Write out every record below exactly as it stands, leaving the pictures out.

══════

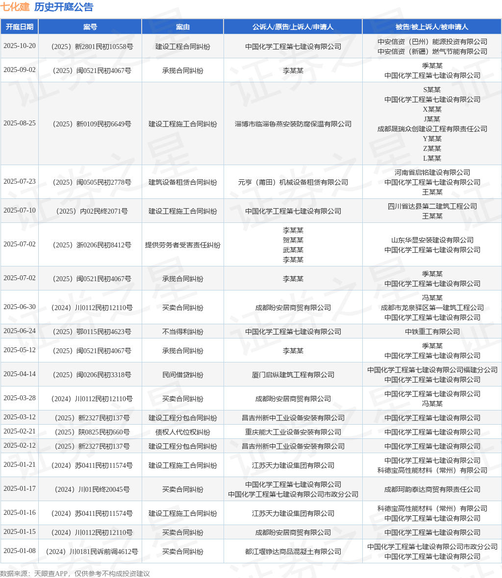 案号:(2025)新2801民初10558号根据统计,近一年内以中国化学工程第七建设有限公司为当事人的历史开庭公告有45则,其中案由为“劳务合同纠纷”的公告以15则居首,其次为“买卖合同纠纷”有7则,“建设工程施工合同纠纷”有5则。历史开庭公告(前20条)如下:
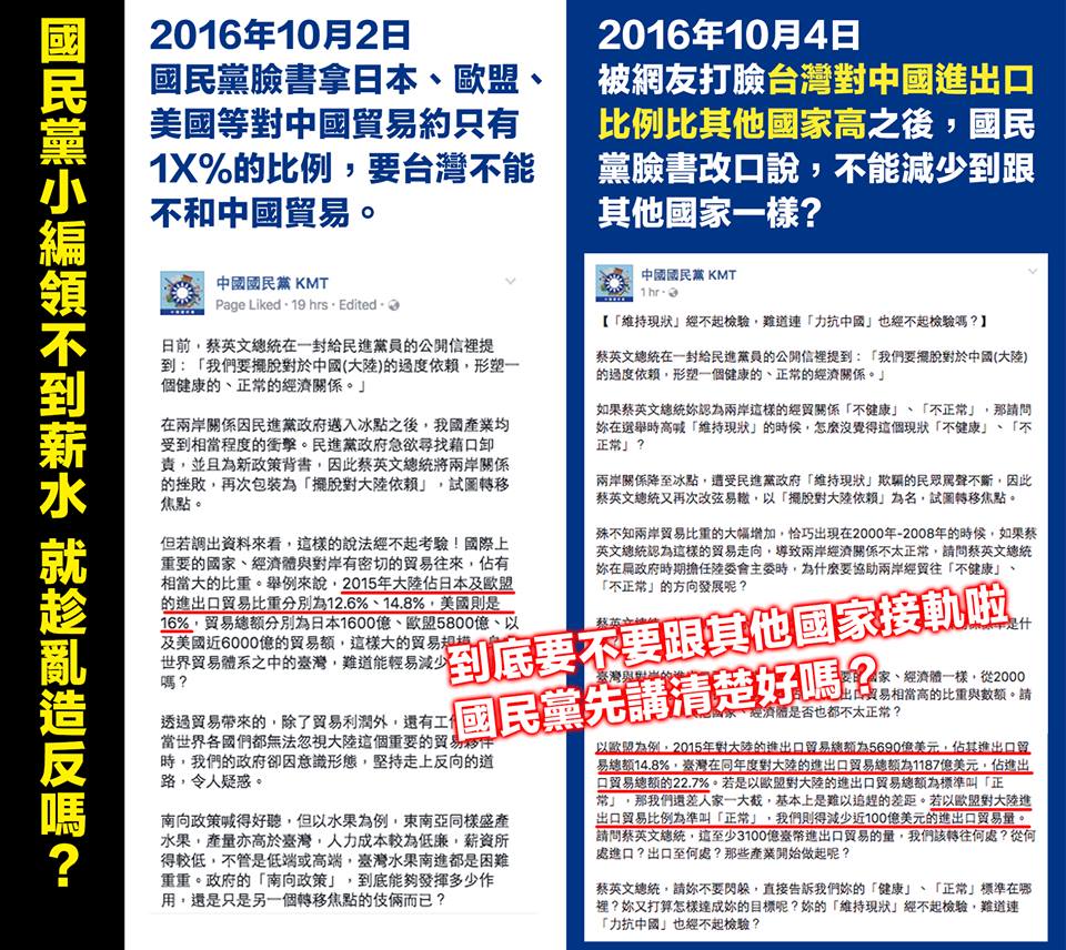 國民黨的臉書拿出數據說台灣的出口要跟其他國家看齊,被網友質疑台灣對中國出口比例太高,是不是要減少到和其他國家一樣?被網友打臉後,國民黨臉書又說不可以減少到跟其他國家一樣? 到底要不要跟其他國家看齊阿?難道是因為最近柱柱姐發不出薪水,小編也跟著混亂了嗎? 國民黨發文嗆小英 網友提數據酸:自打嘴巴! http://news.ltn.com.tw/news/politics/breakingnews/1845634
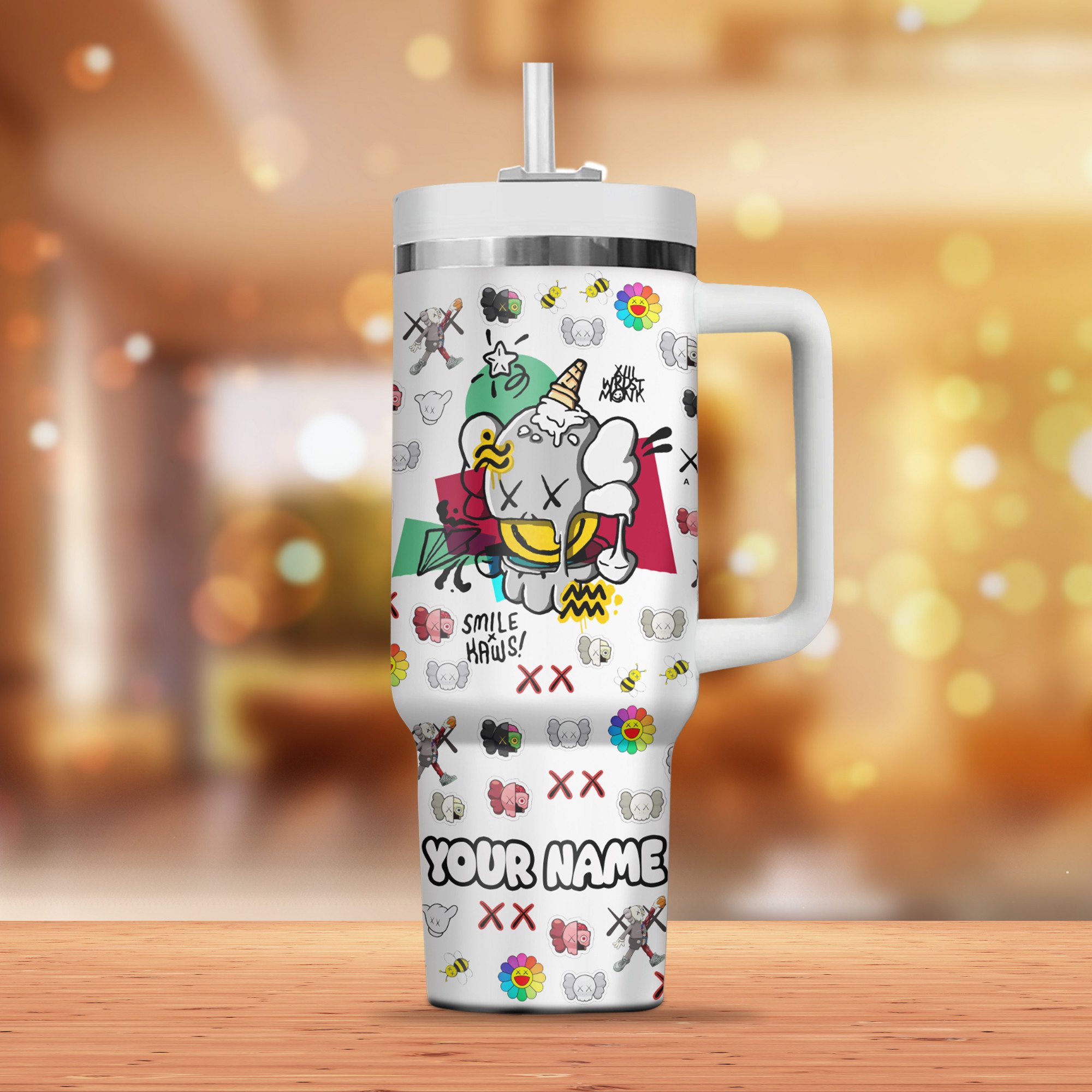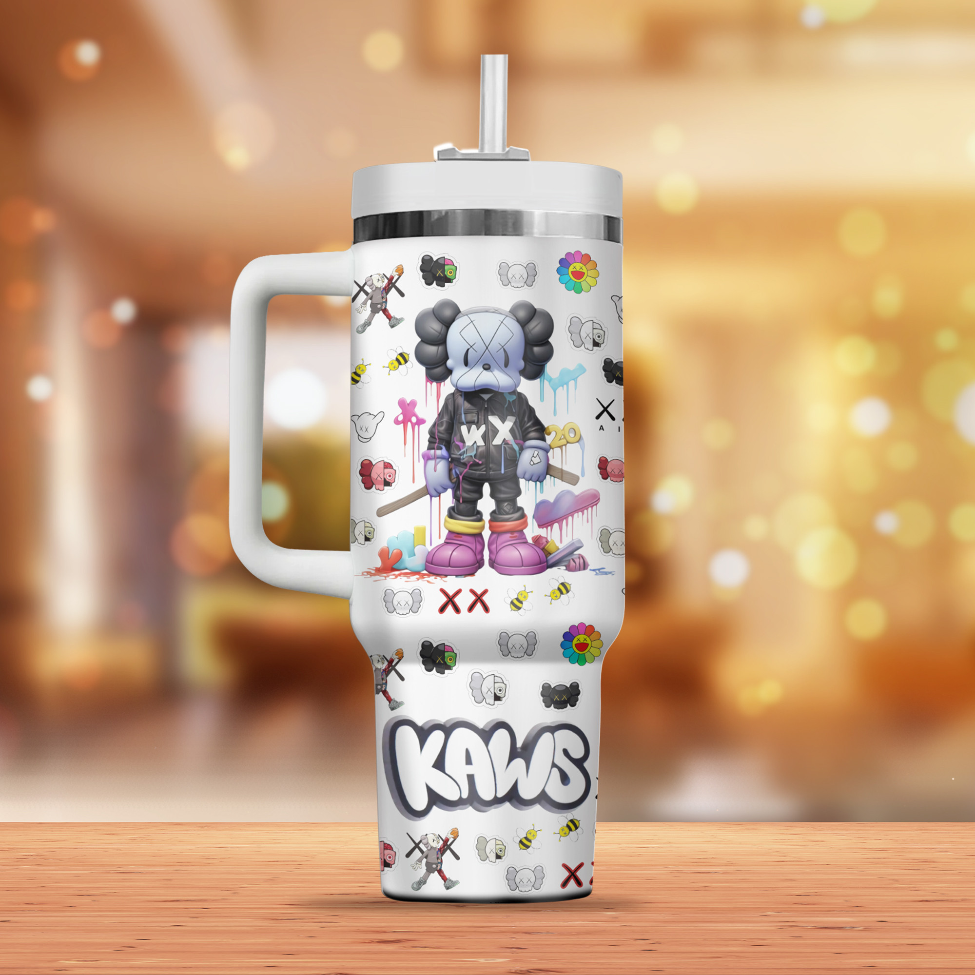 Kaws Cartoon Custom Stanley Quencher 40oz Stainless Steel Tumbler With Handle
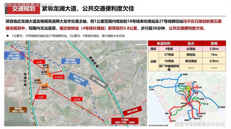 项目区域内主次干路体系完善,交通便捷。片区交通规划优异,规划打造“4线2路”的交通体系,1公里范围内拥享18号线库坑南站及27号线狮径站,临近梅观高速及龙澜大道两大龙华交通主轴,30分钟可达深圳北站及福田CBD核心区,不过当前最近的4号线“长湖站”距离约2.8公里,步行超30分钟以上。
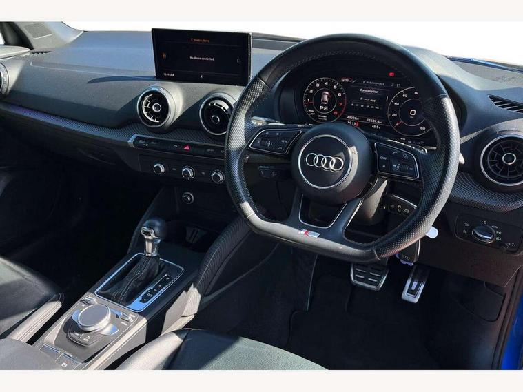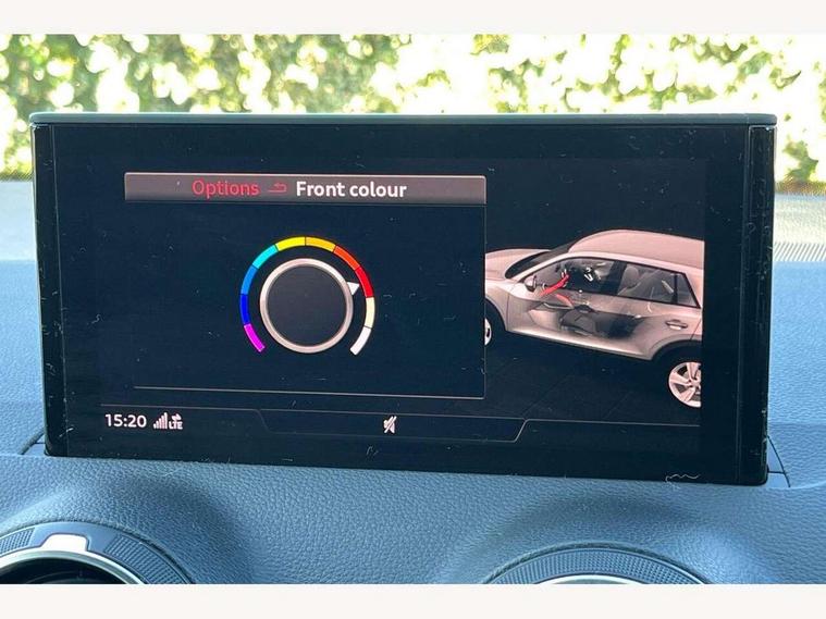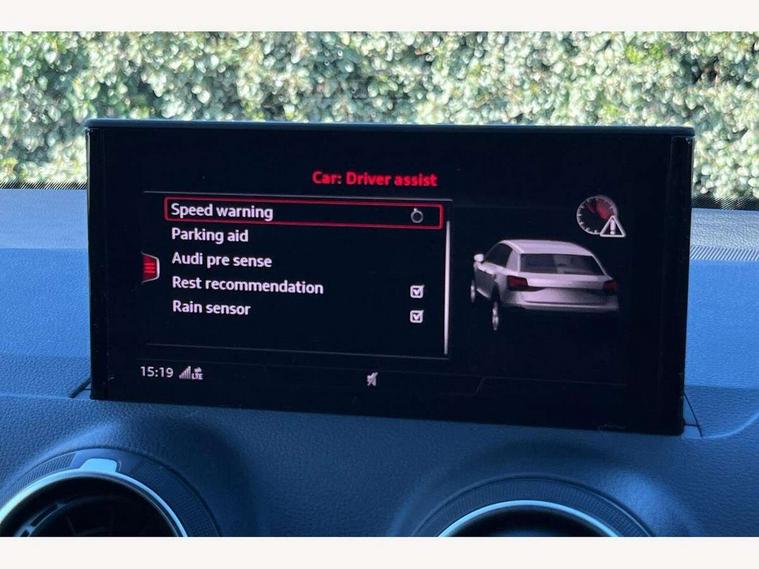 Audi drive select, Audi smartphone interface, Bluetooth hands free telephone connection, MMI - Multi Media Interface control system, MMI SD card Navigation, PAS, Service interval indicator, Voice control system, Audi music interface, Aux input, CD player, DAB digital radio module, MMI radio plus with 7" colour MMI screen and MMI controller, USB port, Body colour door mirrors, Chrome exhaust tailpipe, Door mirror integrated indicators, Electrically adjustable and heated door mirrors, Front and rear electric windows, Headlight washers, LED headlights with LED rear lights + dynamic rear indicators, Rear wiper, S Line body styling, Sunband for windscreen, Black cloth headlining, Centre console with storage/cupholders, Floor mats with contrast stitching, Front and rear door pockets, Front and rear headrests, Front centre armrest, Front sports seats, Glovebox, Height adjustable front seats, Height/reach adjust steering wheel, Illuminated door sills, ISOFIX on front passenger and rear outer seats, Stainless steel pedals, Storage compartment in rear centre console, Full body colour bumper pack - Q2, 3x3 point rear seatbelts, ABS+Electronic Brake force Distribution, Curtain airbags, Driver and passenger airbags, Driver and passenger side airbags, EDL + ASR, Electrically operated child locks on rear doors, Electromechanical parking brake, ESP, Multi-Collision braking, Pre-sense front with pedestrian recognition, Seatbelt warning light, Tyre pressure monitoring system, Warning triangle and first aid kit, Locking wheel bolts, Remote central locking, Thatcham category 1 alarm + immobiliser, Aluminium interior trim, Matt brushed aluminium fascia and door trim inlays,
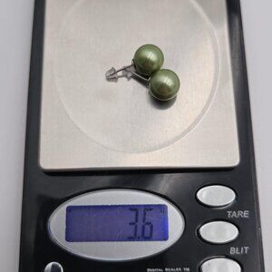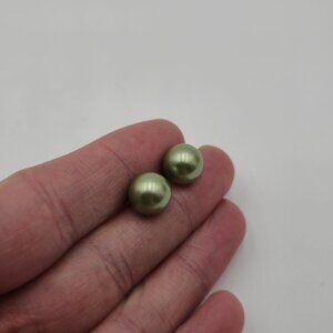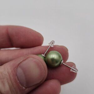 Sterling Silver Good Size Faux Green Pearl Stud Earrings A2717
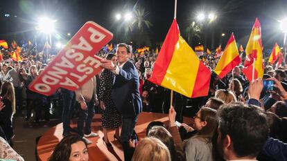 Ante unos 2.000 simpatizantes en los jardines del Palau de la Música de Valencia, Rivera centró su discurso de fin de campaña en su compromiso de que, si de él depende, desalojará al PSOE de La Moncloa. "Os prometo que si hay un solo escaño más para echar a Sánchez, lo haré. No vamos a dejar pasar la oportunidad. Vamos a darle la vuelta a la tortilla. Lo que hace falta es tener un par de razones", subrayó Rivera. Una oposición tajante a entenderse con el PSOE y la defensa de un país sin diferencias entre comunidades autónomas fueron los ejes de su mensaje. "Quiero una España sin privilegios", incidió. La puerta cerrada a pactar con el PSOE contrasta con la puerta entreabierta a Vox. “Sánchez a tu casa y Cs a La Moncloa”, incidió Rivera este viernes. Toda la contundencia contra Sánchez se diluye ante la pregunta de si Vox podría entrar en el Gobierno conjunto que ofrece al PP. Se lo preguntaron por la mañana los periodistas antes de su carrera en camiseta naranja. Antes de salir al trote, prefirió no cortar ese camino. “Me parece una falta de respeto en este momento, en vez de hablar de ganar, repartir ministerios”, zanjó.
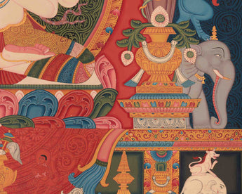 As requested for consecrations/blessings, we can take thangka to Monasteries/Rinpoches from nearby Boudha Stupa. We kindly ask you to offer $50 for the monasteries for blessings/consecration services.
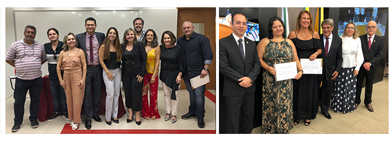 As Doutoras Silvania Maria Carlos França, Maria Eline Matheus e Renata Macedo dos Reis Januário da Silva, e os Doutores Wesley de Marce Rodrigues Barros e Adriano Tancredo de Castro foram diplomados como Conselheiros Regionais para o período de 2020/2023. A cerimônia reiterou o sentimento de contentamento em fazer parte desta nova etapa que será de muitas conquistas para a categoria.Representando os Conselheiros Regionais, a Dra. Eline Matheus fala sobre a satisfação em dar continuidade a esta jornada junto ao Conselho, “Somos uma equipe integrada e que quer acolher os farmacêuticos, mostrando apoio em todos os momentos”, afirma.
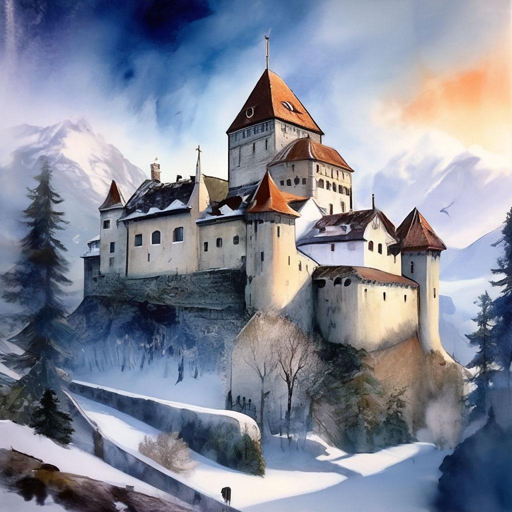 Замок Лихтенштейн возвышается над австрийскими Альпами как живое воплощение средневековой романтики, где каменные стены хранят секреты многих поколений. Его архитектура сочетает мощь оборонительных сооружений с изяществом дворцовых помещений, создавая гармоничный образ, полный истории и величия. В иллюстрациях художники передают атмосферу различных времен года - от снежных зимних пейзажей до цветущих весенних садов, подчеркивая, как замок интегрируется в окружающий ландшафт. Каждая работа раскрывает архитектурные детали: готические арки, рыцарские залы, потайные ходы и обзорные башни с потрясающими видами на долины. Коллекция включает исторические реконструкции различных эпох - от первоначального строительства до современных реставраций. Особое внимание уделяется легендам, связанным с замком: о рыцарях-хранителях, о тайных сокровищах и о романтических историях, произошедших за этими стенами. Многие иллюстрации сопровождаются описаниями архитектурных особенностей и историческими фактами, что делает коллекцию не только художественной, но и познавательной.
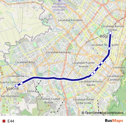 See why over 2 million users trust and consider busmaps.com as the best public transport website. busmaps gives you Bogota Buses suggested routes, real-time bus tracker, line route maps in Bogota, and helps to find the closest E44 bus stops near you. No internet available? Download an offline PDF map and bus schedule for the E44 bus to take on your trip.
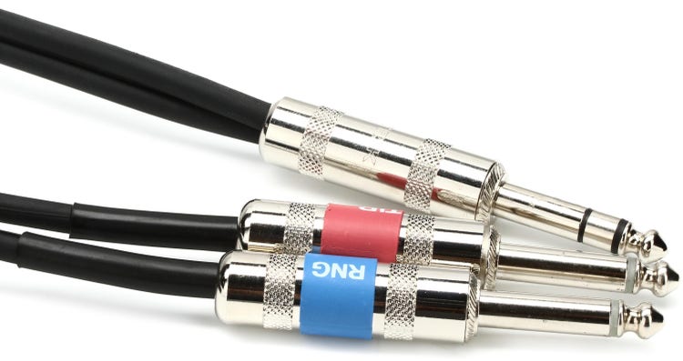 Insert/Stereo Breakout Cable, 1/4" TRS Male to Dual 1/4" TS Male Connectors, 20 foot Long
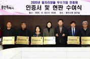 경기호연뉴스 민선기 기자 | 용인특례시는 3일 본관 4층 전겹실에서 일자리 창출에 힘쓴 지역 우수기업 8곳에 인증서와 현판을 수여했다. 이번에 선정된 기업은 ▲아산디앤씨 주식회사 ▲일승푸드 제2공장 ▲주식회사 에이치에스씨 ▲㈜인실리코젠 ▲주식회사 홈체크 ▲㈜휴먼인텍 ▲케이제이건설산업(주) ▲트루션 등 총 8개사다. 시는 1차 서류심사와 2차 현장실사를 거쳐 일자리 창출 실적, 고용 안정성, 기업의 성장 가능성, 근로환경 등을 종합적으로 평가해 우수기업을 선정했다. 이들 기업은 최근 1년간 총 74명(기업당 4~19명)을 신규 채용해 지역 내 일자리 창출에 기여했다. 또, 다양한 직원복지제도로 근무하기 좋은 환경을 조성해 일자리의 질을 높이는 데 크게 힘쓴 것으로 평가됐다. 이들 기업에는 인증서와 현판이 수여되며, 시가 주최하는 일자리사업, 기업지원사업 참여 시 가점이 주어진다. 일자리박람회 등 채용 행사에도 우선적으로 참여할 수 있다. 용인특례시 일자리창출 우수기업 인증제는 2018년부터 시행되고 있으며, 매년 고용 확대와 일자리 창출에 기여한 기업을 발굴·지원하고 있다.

══════

**Task output**
 案号:(2025)新2801民初10558号根据统计,近一年内以中国化学工程第七建设有限公司为当事人的历史开庭公告有45则,其中案由为“劳务合同纠纷”的公告以15则居首,其次为“买卖合同纠纷”有7则,“建设工程施工合同纠纷”有5则。历史开庭公告(前20条)如下:
 國民黨的臉書拿出數據說台灣的出口要跟其他國家看齊,被網友質疑台灣對中國出口比例太高,是不是要減少到和其他國家一樣?被網友打臉後,國民黨臉書又說不可以減少到跟其他國家一樣? 到底要不要跟其他國家看齊阿?難道是因為最近柱柱姐發不出薪水,小編也跟著混亂了嗎? 國民黨發文嗆小英 網友提數據酸:自打嘴巴! http://news.ltn.com.tw/news/politics/breakingnews/1845634
 Kaws Cartoon Custom Stanley Quencher 40oz Stainless Steel Tumbler With Handle
 项目区域内主次干路体系完善,交通便捷。片区交通规划优异,规划打造“4线2路”的交通体系,1公里范围内拥享18号线库坑南站及27号线狮径站,临近梅观高速及龙澜大道两大龙华交通主轴,30分钟可达深圳北站及福田CBD核心区,不过当前最近的4号线“长湖站”距离约2.8公里,步行超30分钟以上。
 Audi drive select, Audi smartphone interface, Bluetooth hands free telephone connection, MMI - Multi Media Interface control system, MMI SD card Navigation, PAS, Service interval indicator, Voice control system, Audi music interface, Aux input, CD player, DAB digital radio module, MMI radio plus with 7" colour MMI screen and MMI controller, USB port, Body colour door mirrors, Chrome exhaust tailpipe, Door mirror integrated indicators, Electrically adjustable and heated door mirrors, Front and rear electric windows, Headlight washers, LED headlights with LED rear lights + dynamic rear indicators, Rear wiper, S Line body styling, Sunband for windscreen, Black cloth headlining, Centre console with storage/cupholders, Floor mats with contrast stitching, Front and rear door pockets, Front and rear headrests, Front centre armrest, Front sports seats, Glovebox, Height adjustable front seats, Height/reach adjust steering wheel, Illuminated door sills, ISOFIX on front passenger and rear outer seats, Stainless steel pedals, Storage compartment in rear centre console, Full body colour bumper pack - Q2, 3x3 point rear seatbelts, ABS+Electronic Brake force Distribution, Curtain airbags, Driver and passenger airbags, Driver and passenger side airbags, EDL + ASR, Electrically operated child locks on rear doors, Electromechanical parking brake, ESP, Multi-Collision braking, Pre-sense front with pedestrian recognition, Seatbelt warning light, Tyre pressure monitoring system, Warning triangle and first aid kit, Locking wheel bolts, Remote central locking, Thatcham category 1 alarm + immobiliser, Aluminium interior trim, Matt brushed aluminium fascia and door trim inlays,
 Sterling Silver Good Size Faux Green Pearl Stud Earrings A2717
 Ante unos 2.000 simpatizantes en los jardines del Palau de la Música de Valencia, Rivera centró su discurso de fin de campaña en su compromiso de que, si de él depende, desalojará al PSOE de La Moncloa. "Os prometo que si hay un solo escaño más para echar a Sánchez, lo haré. No vamos a dejar pasar la oportunidad. Vamos a darle la vuelta a la tortilla. Lo que hace falta es tener un par de razones", subrayó Rivera. Una oposición tajante a entenderse con el PSOE y la defensa de un país sin diferencias entre comunidades autónomas fueron los ejes de su mensaje. "Quiero una España sin privilegios", incidió. La puerta cerrada a pactar con el PSOE contrasta con la puerta entreabierta a Vox. “Sánchez a tu casa y Cs a La Moncloa”, incidió Rivera este viernes. Toda la contundencia contra Sánchez se diluye ante la pregunta de si Vox podría entrar en el Gobierno conjunto que ofrece al PP. Se lo preguntaron por la mañana los periodistas antes de su carrera en camiseta naranja. Antes de salir al trote, prefirió no cortar ese camino. “Me parece una falta de respeto en este momento, en vez de hablar de ganar, repartir ministerios”, zanjó.
 As requested for consecrations/blessings, we can take thangka to Monasteries/Rinpoches from nearby Boudha Stupa. We kindly ask you to offer $50 for the monasteries for blessings/consecration services.
 As Doutoras Silvania Maria Carlos França, Maria Eline Matheus e Renata Macedo dos Reis Januário da Silva, e os Doutores Wesley de Marce Rodrigues Barros e Adriano Tancredo de Castro foram diplomados como Conselheiros Regionais para o período de 2020/2023. A cerimônia reiterou o sentimento de contentamento em fazer parte desta nova etapa que será de muitas conquistas para a categoria.Representando os Conselheiros Regionais, a Dra. Eline Matheus fala sobre a satisfação em dar continuidade a esta jornada junto ao Conselho, “Somos uma equipe integrada e que quer acolher os farmacêuticos, mostrando apoio em todos os momentos”, afirma.
 Замок Лихтенштейн возвышается над австрийскими Альпами как живое воплощение средневековой романтики, где каменные стены хранят секреты многих поколений. Его архитектура сочетает мощь оборонительных сооружений с изяществом дворцовых помещений, создавая гармоничный образ, полный истории и величия. В иллюстрациях художники передают атмосферу различных времен года - от снежных зимних пейзажей до цветущих весенних садов, подчеркивая, как замок интегрируется в окружающий ландшафт. Каждая работа раскрывает архитектурные детали: готические арки, рыцарские залы, потайные ходы и обзорные башни с потрясающими видами на долины. Коллекция включает исторические реконструкции различных эпох - от первоначального строительства до современных реставраций. Особое внимание уделяется легендам, связанным с замком: о рыцарях-хранителях, о тайных сокровищах и о романтических историях, произошедших за этими стенами. Многие иллюстрации сопровождаются описаниями архитектурных особенностей и историческими фактами, что делает коллекцию не только художественной, но и познавательной.
 See why over 2 million users trust and consider busmaps.com as the best public transport website. busmaps gives you Bogota Buses suggested routes, real-time bus tracker, line route maps in Bogota, and helps to find the closest E44 bus stops near you. No internet available? Download an offline PDF map and bus schedule for the E44 bus to take on your trip.
 Insert/Stereo Breakout Cable, 1/4" TRS Male to Dual 1/4" TS Male Connectors, 20 foot Long
 경기호연뉴스 민선기 기자 | 용인특례시는 3일 본관 4층 전겹실에서 일자리 창출에 힘쓴 지역 우수기업 8곳에 인증서와 현판을 수여했다. 이번에 선정된 기업은 ▲아산디앤씨 주식회사 ▲일승푸드 제2공장 ▲주식회사 에이치에스씨 ▲㈜인실리코젠 ▲주식회사 홈체크 ▲㈜휴먼인텍 ▲케이제이건설산업(주) ▲트루션 등 총 8개사다. 시는 1차 서류심사와 2차 현장실사를 거쳐 일자리 창출 실적, 고용 안정성, 기업의 성장 가능성, 근로환경 등을 종합적으로 평가해 우수기업을 선정했다. 이들 기업은 최근 1년간 총 74명(기업당 4~19명)을 신규 채용해 지역 내 일자리 창출에 기여했다. 또, 다양한 직원복지제도로 근무하기 좋은 환경을 조성해 일자리의 질을 높이는 데 크게 힘쓴 것으로 평가됐다. 이들 기업에는 인증서와 현판이 수여되며, 시가 주최하는 일자리사업, 기업지원사업 참여 시 가점이 주어진다. 일자리박람회 등 채용 행사에도 우선적으로 참여할 수 있다. 용인특례시 일자리창출 우수기업 인증제는 2018년부터 시행되고 있으며, 매년 고용 확대와 일자리 창출에 기여한 기업을 발굴·지원하고 있다.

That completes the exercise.